Friday, September 9, 2011

semalam

Yesterday I increased my efforts in lowering my expectations, reduced my level of sorrowness (or more like self pity) and instilled this stuff in me they call "compromise".

I am not sure really if I felt any better. I still didnt feel loved .

Sometimes we can just tell ourselves to delay going through the painful process but inevitably one has to go through it. Its not a choice. I wish it was.

I wish I had a choice not to fall in love. I wish I had a choice not to miss someone dreadfully. I wish I had a choice not to get disappointed when the person I so miss so much is away most of the time.I wish my heart wouldnt hurt when he breaks his promises.

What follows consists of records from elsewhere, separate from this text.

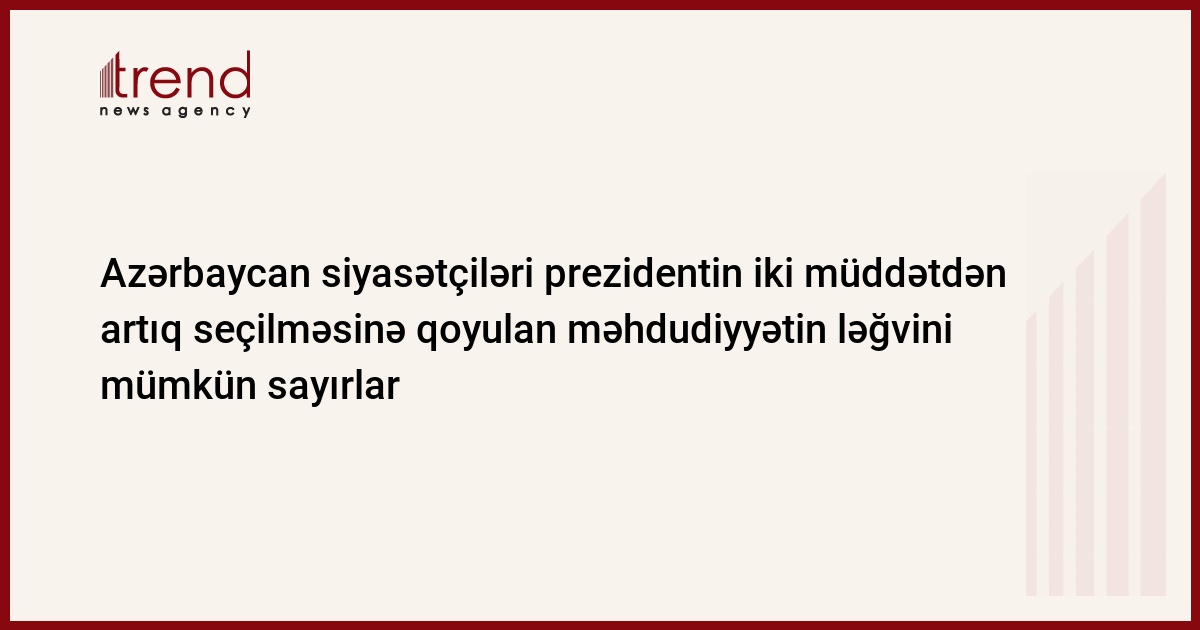 Trend - un arayışı: Azərbaycan Konstitusiyasının 101-ci maddəsinin 5-ci bəndinə əsasən, heç kəs iki dəfədən artıq təkrarən prezident seçilə bilməz. Prezidentin səlahiyyət müddəti beş ildir.
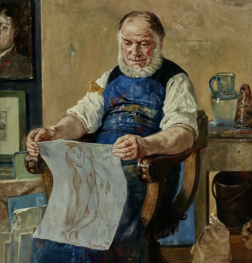 Für die persönlichsten aller Werke zeigen sich die Kunstschaffenden gerne in ihren Werkstätten oder Ateliers, auch die Profession soll gleich erkennbar sein. „In zwei Drittel der hier gezeigten Werke dienen das Malerwerkzeug Pinsel, Palette und Staffelei als berufliche Erkennungszeichen – als Insignien des Künstlertums“, erklärt Kunsthistorikerin Claudia Koch von der Akademie der bildenden Künste Wien.
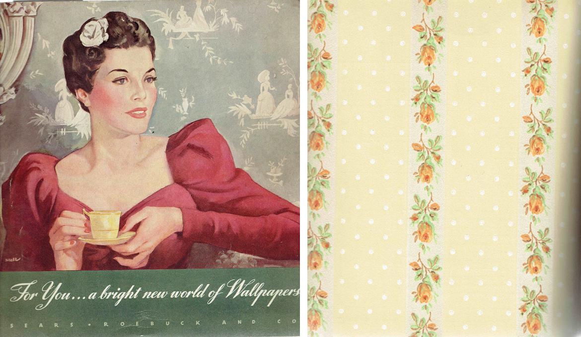 [Wallpaper]. Sears Roebuck & Co. For You . . . a bright new world of wallpapers. Chicago: Sears Roebuck & Co., 1939. First printing. Square quarto, pp. 89, 80 wallpaper samples, small pasted-in folder, halftones of patterns, interiors . Original Printed Wraps. Very Good, minor water damage to top right corners.
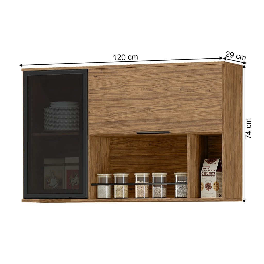 Armário Aéreo Cozinha Toscana 100% Mdf 2 Portas com Vidro Freijó - Mx Móveis
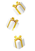 3D białe pudełka ze złotą wstążką i łukiem. Pomysł na urodziny. Wesołego Nowego Roku i Wesołych Świąt białe pudełka prezentów ze złotymi łukami. Renderowanie 3D. Ilustracja wektora
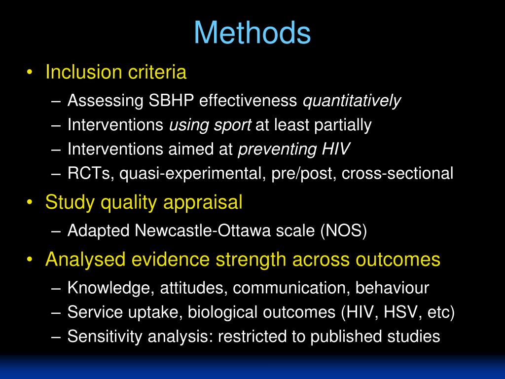 Methods • Inclusion criteria • Assessing SBHP effectiveness quantitatively • Interventions using sport at least partially • Interventions aimed at preventing HIV • RCTs, quasi-experimental, pre/post, cross-sectional • Study quality appraisal • Adapted Newcastle-Ottawa scale (NOS) • Analysed evidence strength across outcomes • Knowledge, attitudes, communication, behaviour • Service uptake, biological outcomes (HIV, HSV, etc) • Sensitivity analysis: restricted to published studies
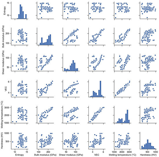 A subset of the scatterplot of the features before the condition indices step is shown in Figure 1. There is clear association between that bulk modulus, valence electron concentration, entropy, and melting temperature, suggesting that these features are highly correlated. The calculated Pearson’s correlation of coefficient [31] between the RHEA features of 128 samples’ data is shown in Table 1.
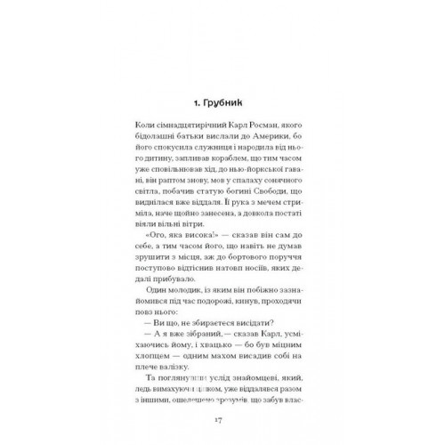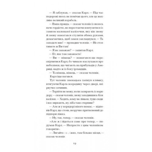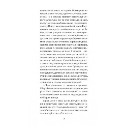 Видавництво "Ще одну сторінку" Зниклий безвісти., Франц Кафка 978-617-522-228-7 «Зниклий безвісти» — перший роман Франца Кафки, незавершений рукопис якого Макс Брод знайшов після Кафчиної смерти 1924 р. і видав під заголовком «Америка»; саме з цього тексту, вочевидь, виростає автор таких славетних творів світової класики, як «Замок», «Процес», «Перетворення». Цей прикметно модерністський «роман виховання» — розповідь про юнака-емігранта, своєрідна історія змужніння, сподівано для Кафки радше сувора й не вельми милосердна, ніж погідна й привітна, повна непередбачуваних поворотів долі, а однак, розказана спокійно й легко, подекуди навіть грайливо, без фаталізму і абсурдности, притаманних пізнішим авторовим творам.
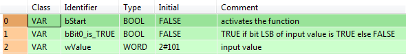 Toutes les variables d’entrée et de sortie utilisées pour programmer cette fonction ont été déclarées dans l’en-tête du POU. Le même en-tête de POU est utilisé pour tous les langages de programmation.

I really do because it hurts so bloody bad and it seems to take forever for the pain to pass.

Sometimes..i think i do not have a right to feel this way. Maybe normal people do not go through this because they are compromising, kind and sincere.

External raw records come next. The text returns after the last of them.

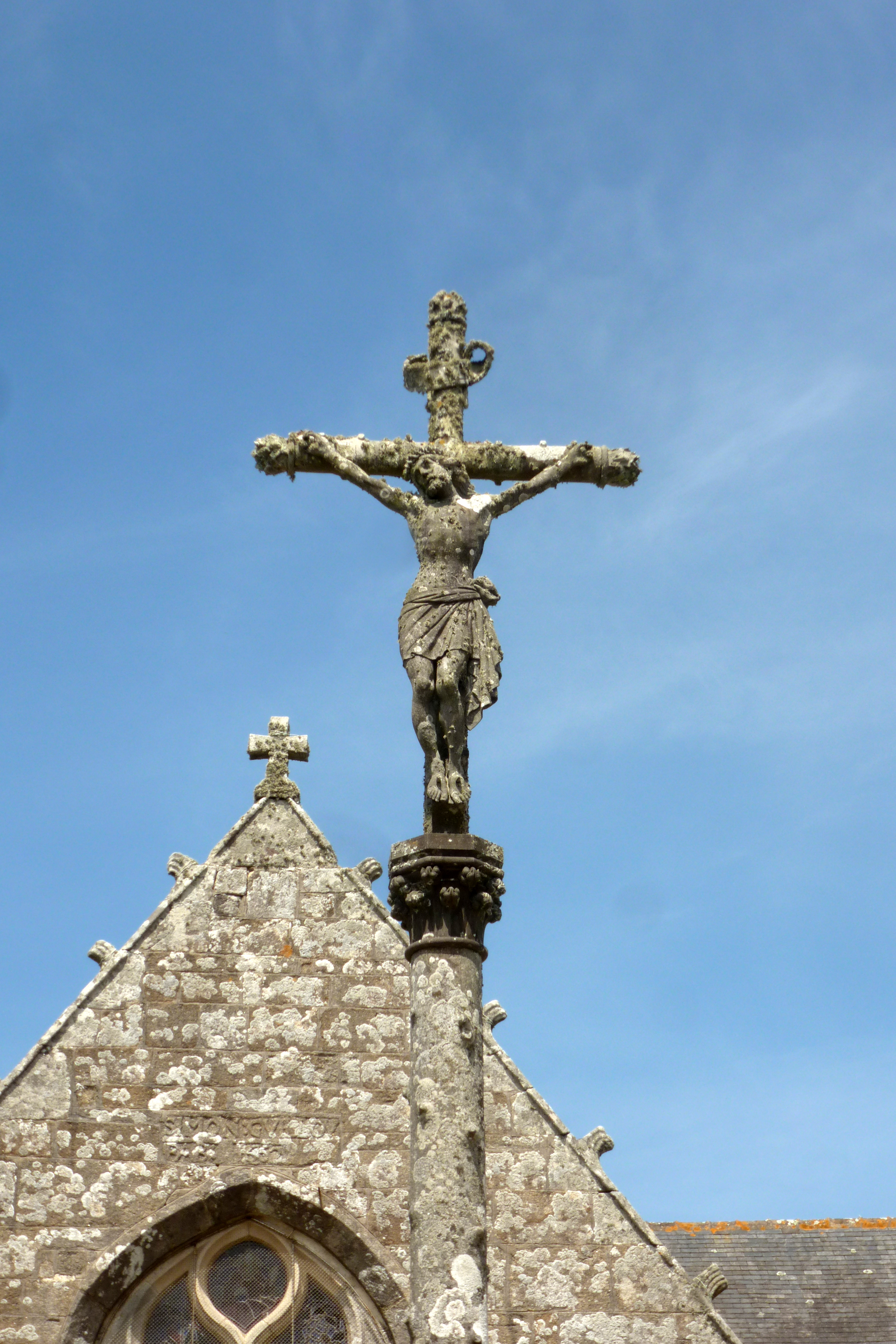 Croix de l'église Saint-Onneau, détail du croisillon. (2019)Immatriculation
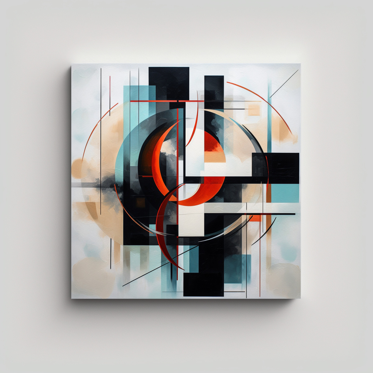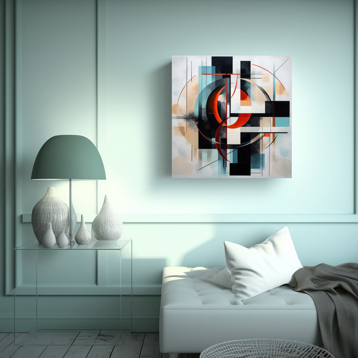Este cuadro abstracto geométrico en Canva es perfecto para decorar tu sala de estar o comedor Combínalo con muebles en tonos neutros como gris o blanco, y complementa con accesorios en los colores del cuadro para lograr una armonía visual ¡Crea un ambiente moderno y vanguardista!
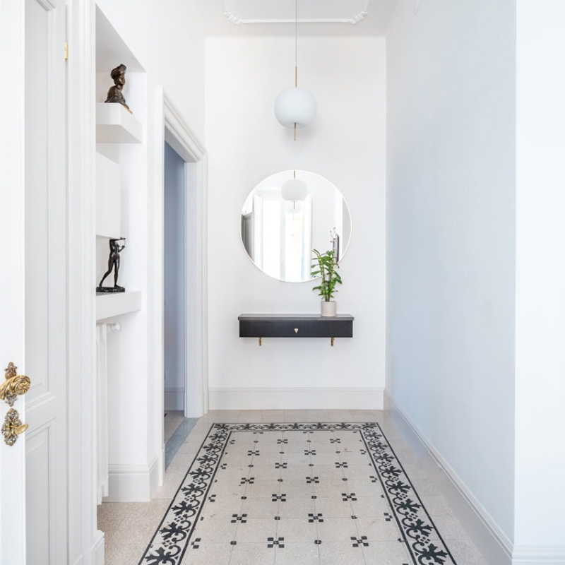 Le diffuseur sphérique en verre opalin soufflé à la bouche diffuse une lumière homogène et enveloppante, parfaite pour créer une atmosphère intime et chaleureuse. Traversé par une tige métallique en finition cuivre brillant, le verre prend une toute autre dimension : plus graphique, plus luxueux, tout en conservant sa poésie visuelle.
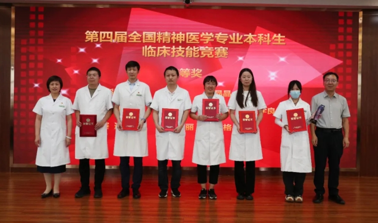 高尚副处长、陈丽霞书记为荣获第四届全国精神医学专业本科生临床技能竞赛“特等奖”师生颁奖

He told me he has through his experiences achieved these choices and for that I must envy him. It will hurt him him less too.

He also said he has tried in the past saving relationships by compromising and changing and it has never worked. My heart shattered to pieces and I cried like I have never cried before when he said that to me. He was sincere but in that sincerity there were also elements of wickedness and cruelty. Lack of empathy for the pain that I was going through. I prayed and asked God to please give me the strength to deal with him. I have been warned of this-premonition but as I have always been- I believe some people do change.

My Best Friend MIguel is here and he is either gonna make me happy or sadder.